February has been kind of like the split second after the crest of a wave for the Green Day guys. The wave, that is, the success of "American Idiot," is still all big and wet and wonderful, but like anything that's greater-than-great, that's maybe just a little TOO well-done, there's going to be some backlash, some ennui, that inevitable undertow dragging everything back to the bottom of the sea from whence all life came and to which it will all inevitably return.
The Good, Foamy, Frothing Green Monster Stuff:
Green Day is still raking in the awards and honors. Of course, they got that Grammy for Record of the Year back at the beginning of the month, which was great, if you wish Green Day all the best no matter what. But it could also have been bad if you don't like to see your favorite band drowning in a sea of mainstream recognition.
If you're someone from the second category, there were a few more twists of the knife this month. If you're an unconditional fan, there were a few more feathers to add to the already heavily plumed cap.
The Brit Awards
At the 2006 Brit Awards, Green Day won all the awards they were nominated for. They won Best International Group and Best International Album for "American Idiot. The awards were presented by Paris Hilton and Kelly Osbourne, the latter of which might have made for a nice little reunion had the guys showed up, as they worked with Kelly on "Live Freaky, Die Freaky."

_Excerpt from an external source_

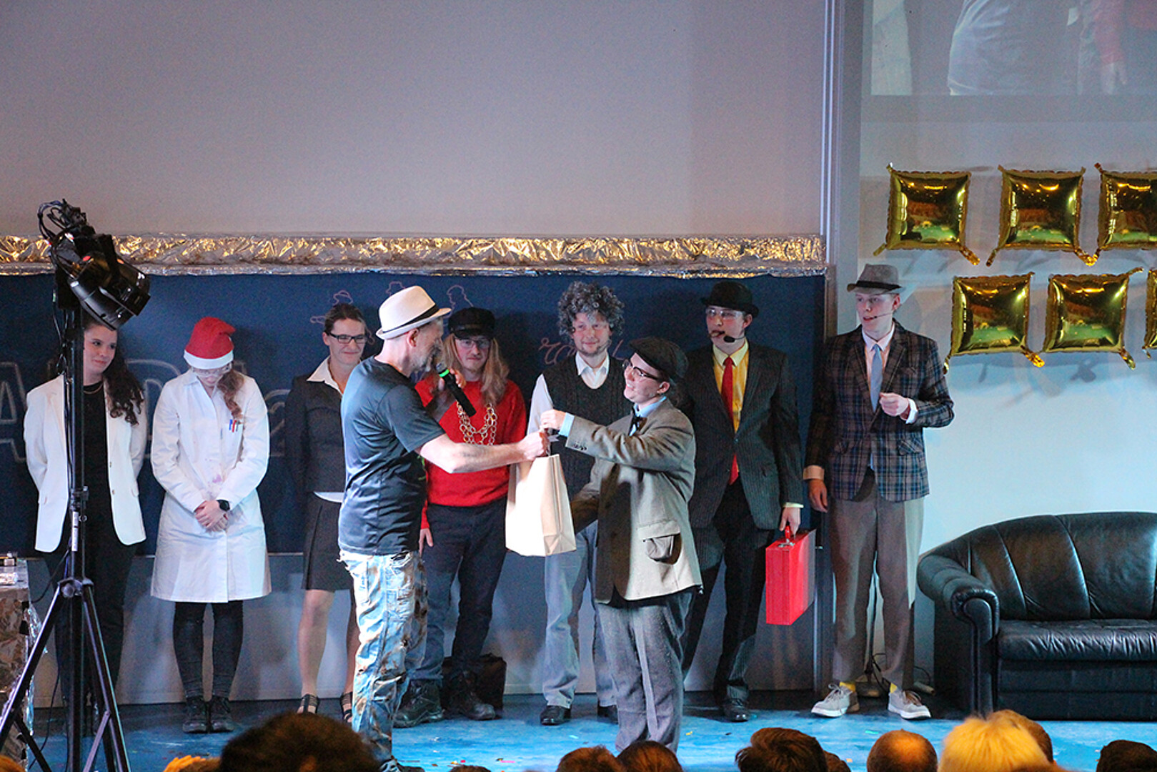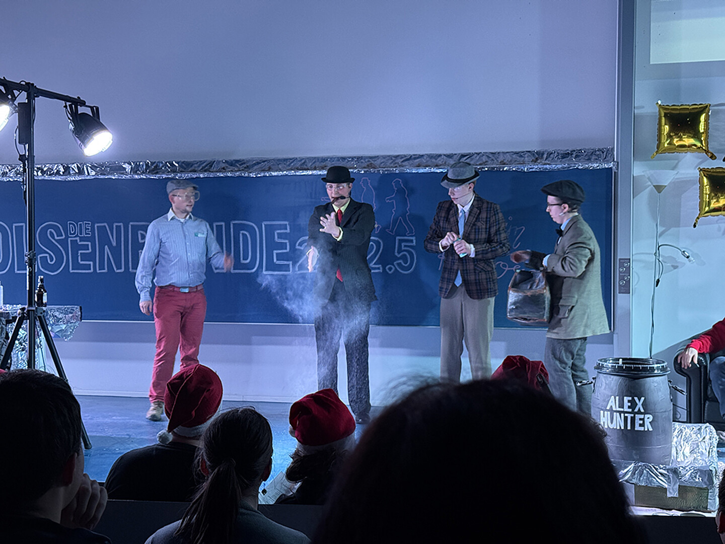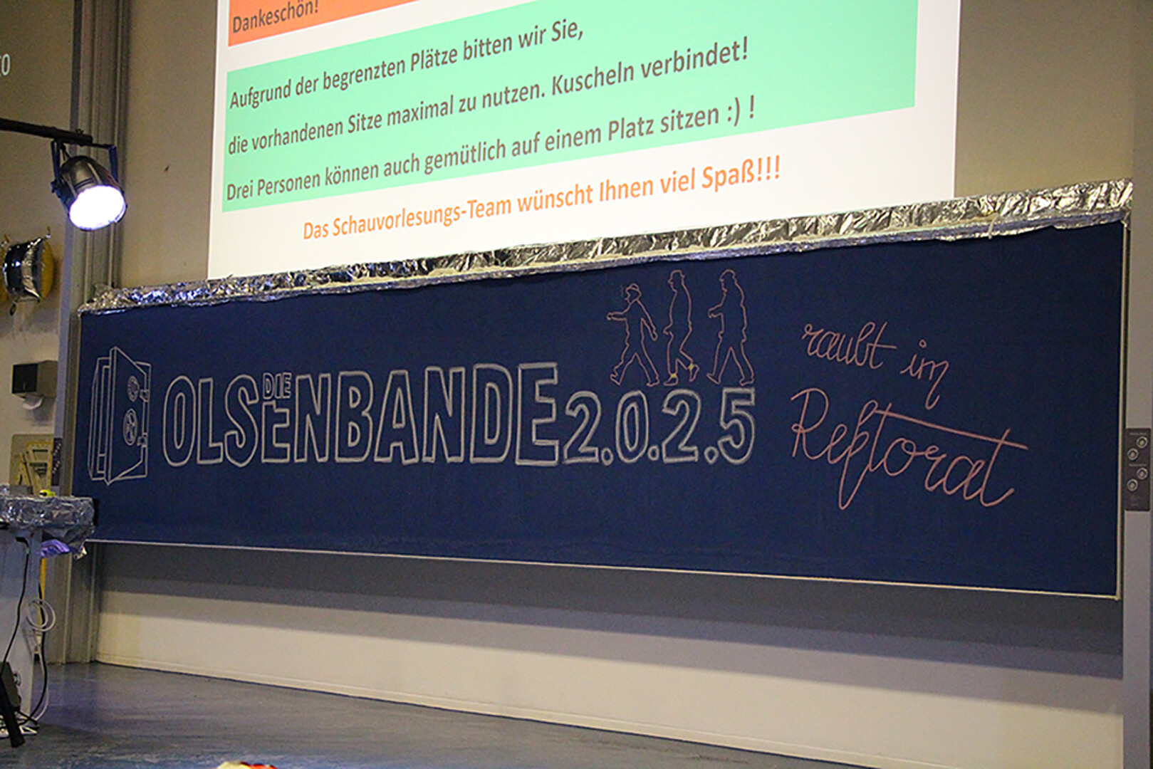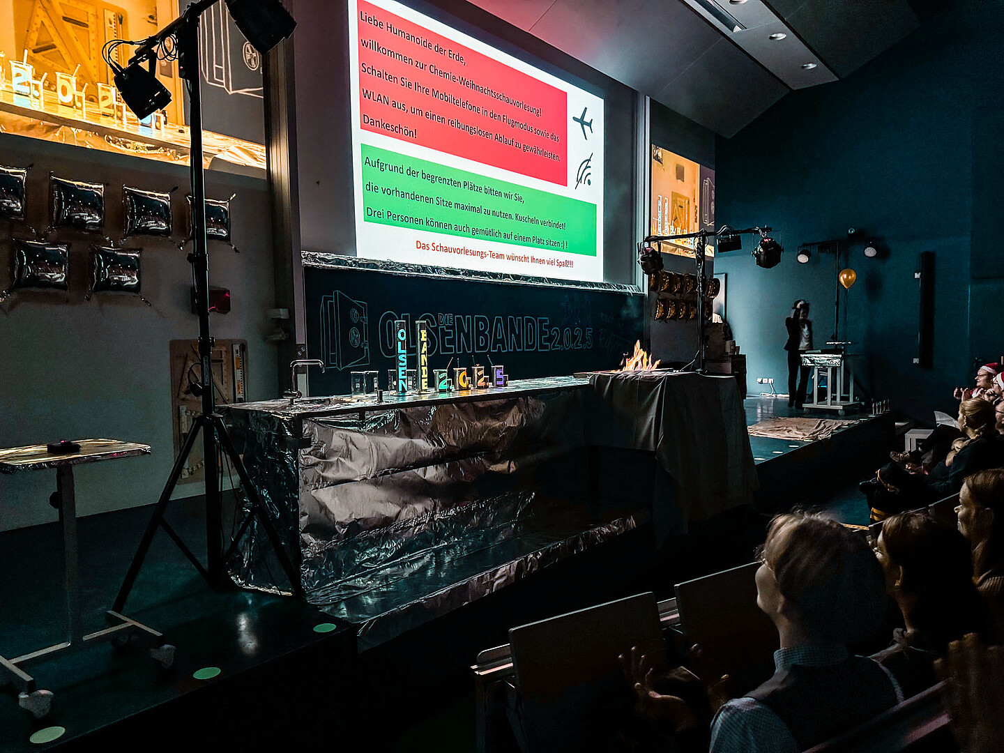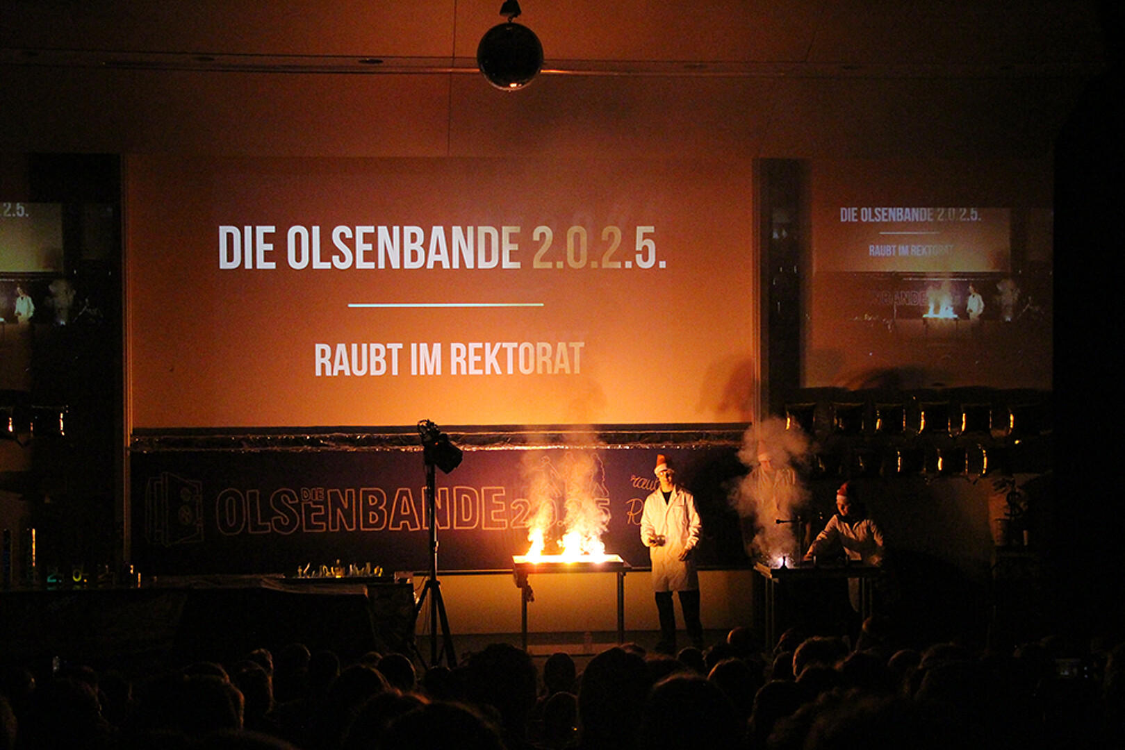 Am 8. Dezember 2025 war es nun so weit: Egon Olsen wurde entlassen – und kehrte mit seiner Bande zurück auf die Bühne der Chemie-Schauvorlesung im voll besetzten Audimax Zittau. Unter dem Motto „Die Olsenbande 2.0.2.5. raubt im Rektorat“ erlebten mehrere hundert Gäste eine Mischung aus Hochschultheater, Slapstick und atemberaubender Chemie.

Sadly, GD hungry fans got no live action. They did, however, get a very nice video from Green Day apologizing for their absence and saying how very pleased they were with the awards. Those boys are just so thoughtful, aren't they?
No Shows at TRL Awards
Later in the month, Green Day was awarded the dubious Roc Da Mic honor at the Fourth Annual TRL awards on MTV. For those who fail to watch MTV with the appropriate religiosity, extensive research should reveal that the Roc Da Mic award has something to do with the best TRL performance of the year, which it was, so hopefully you didn't miss it.
Green Day was also up for the award for Best Group That Plays Their Own Instruments, but they lost to My Chemical Romance. As usual, fans are divided on the issue. For some, a win for MCR is just as good as a win for Green Day. For others, the idea that MCR should ever beat Green Day at anything is nothing short of a total fucking burn.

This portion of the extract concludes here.